QB VII is an American television miniseries produced by Screen Gems; it was also the final program from Columbia Pictures's television division to be made under the Screen Gems banner. It began airing on ABC on April 29, 1974. Adapted to the screen by Edward Anhalt from the 1970 novel QB VII by Leon Uris, it was produced by Douglas S. Cramer and  directed by Tom Gries. The original music was written by Jerry Goldsmith and the cinematography by Paul Beeson and Robert L. Morrison.

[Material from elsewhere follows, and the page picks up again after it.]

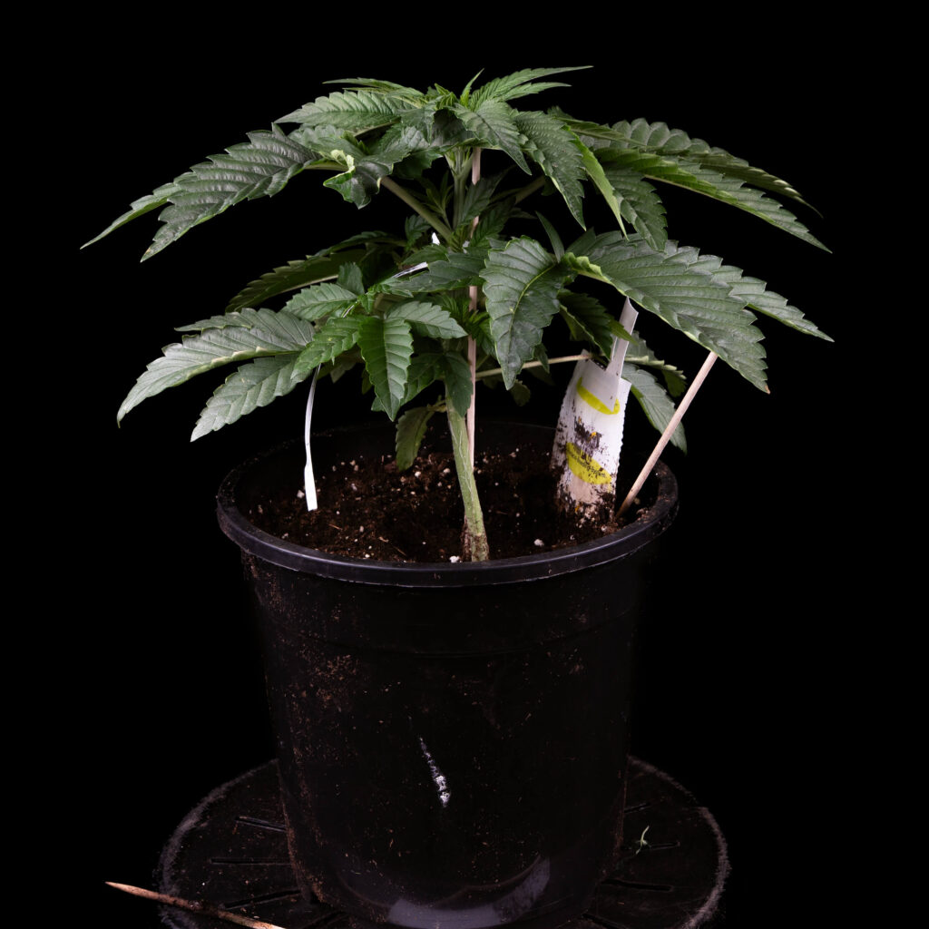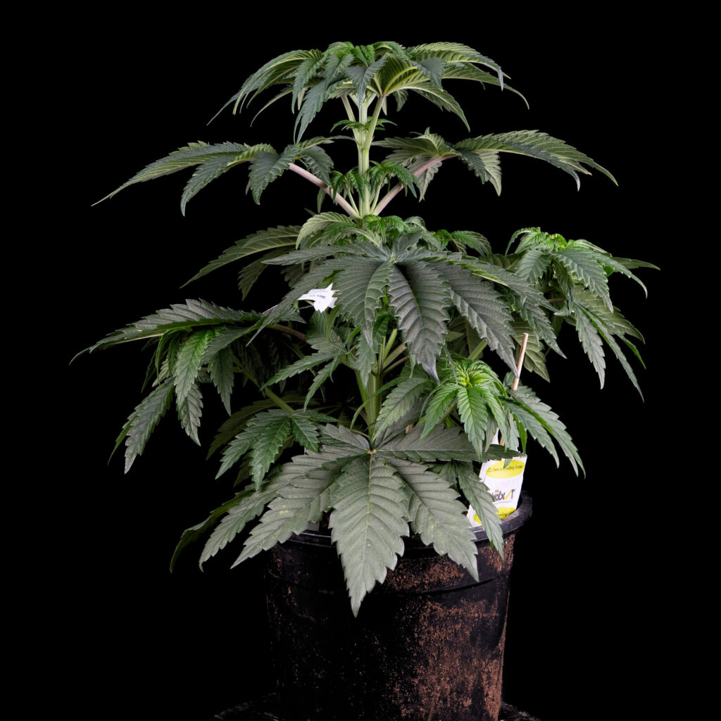 Dans sa troisième semaine, notre plante a poursuivi sa croissance régulière, atteignant une nouvelle hauteur de 23 cm. Nous avons également vu apparaître les branches latérales sur la tige principale, ainsi que plusieurs nouvelles séries de feuilles. À ce stade, l’espacement entre les nœuds était assez moyen, voire un peu serré, et la plante était assez élancée avec une biomasse clairsemée. À une semaine seulement de la floraison, nous avons une fois de plus doublé le volume d’eau à 400 ml par jour.

The six-and-a-half-hour miniseries won seven Primetime Emmy Awards of the 14 for which it was nominated.

Plot 
Dr. Adam Kelno, a Pole, escapes from a Nazi concentration camp. During his recovery, he romances his nurse, Angela, and eventually marries her and settles in England.

After the end of World War II, the communists try to extradite Kelno for war crimes committed as a doctor working for the Nazis, where he allegedly performed medical experiments on Jewish prisoners. They fail to prove their case and Kelno is vindicated, but afterwards he takes his wife to the Middle East to escape the notoriety.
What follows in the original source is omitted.